The data »

═══

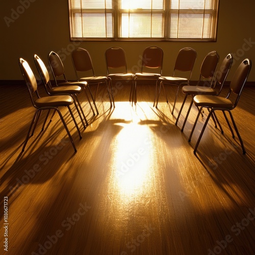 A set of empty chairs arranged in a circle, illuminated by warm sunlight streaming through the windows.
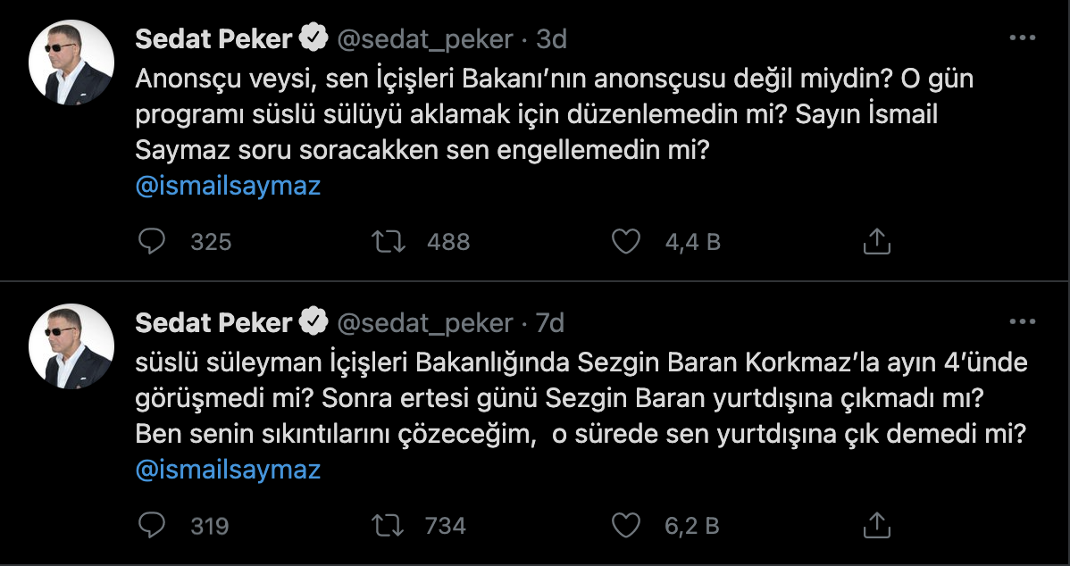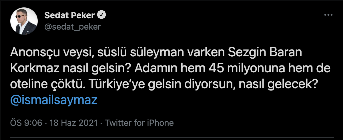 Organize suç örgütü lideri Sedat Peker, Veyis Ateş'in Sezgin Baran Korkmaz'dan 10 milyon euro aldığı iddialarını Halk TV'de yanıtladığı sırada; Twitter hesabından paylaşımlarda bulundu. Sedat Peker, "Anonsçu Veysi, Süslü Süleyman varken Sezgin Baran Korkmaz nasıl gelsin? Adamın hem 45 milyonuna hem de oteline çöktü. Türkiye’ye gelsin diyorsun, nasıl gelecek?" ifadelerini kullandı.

═══

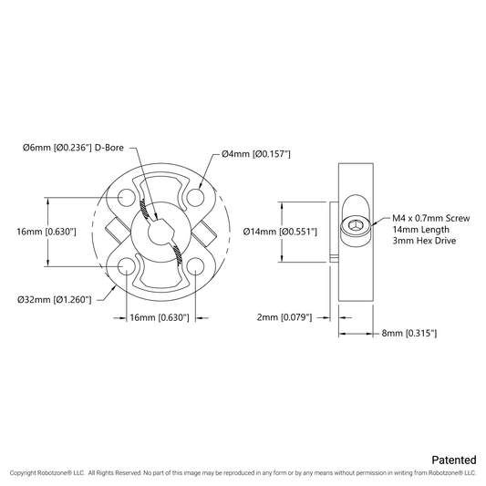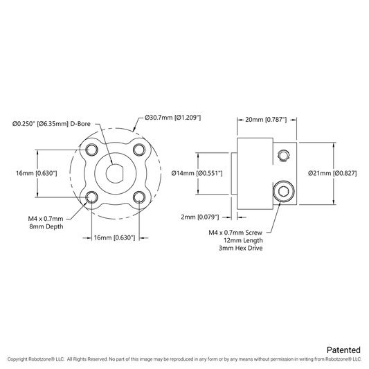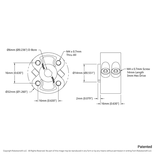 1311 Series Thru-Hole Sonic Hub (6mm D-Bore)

═══

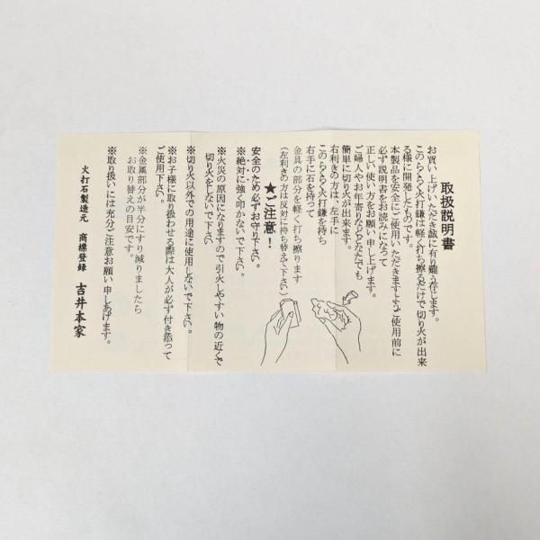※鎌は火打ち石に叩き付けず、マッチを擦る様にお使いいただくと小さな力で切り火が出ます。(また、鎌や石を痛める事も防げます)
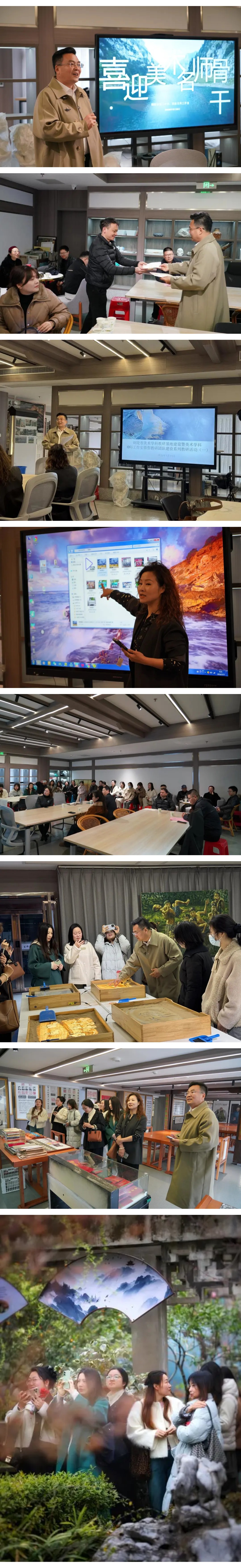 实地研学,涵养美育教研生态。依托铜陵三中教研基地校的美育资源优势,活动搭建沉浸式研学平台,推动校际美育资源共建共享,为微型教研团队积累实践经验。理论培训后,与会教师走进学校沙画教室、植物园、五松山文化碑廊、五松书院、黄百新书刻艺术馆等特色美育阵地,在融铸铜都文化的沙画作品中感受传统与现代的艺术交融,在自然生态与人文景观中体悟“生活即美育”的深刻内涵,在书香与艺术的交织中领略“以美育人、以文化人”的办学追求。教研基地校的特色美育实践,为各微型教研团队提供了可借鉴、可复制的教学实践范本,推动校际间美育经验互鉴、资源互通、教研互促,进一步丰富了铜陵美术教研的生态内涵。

═══

To do » Reproduce the data above exactly, but only from the line containing "A set of empty" through the line containing "Organize suç örgütü"; skip the pictures.

Your response »
 A set of empty chairs arranged in a circle, illuminated by warm sunlight streaming through the windows.
 Organize suç örgütü lideri Sedat Peker, Veyis Ateş'in Sezgin Baran Korkmaz'dan 10 milyon euro aldığı iddialarını Halk TV'de yanıtladığı sırada; Twitter hesabından paylaşımlarda bulundu. Sedat Peker, "Anonsçu Veysi, Süslü Süleyman varken Sezgin Baran Korkmaz nasıl gelsin? Adamın hem 45 milyonuna hem de oteline çöktü. Türkiye’ye gelsin diyorsun, nasıl gelecek?" ifadelerini kullandı.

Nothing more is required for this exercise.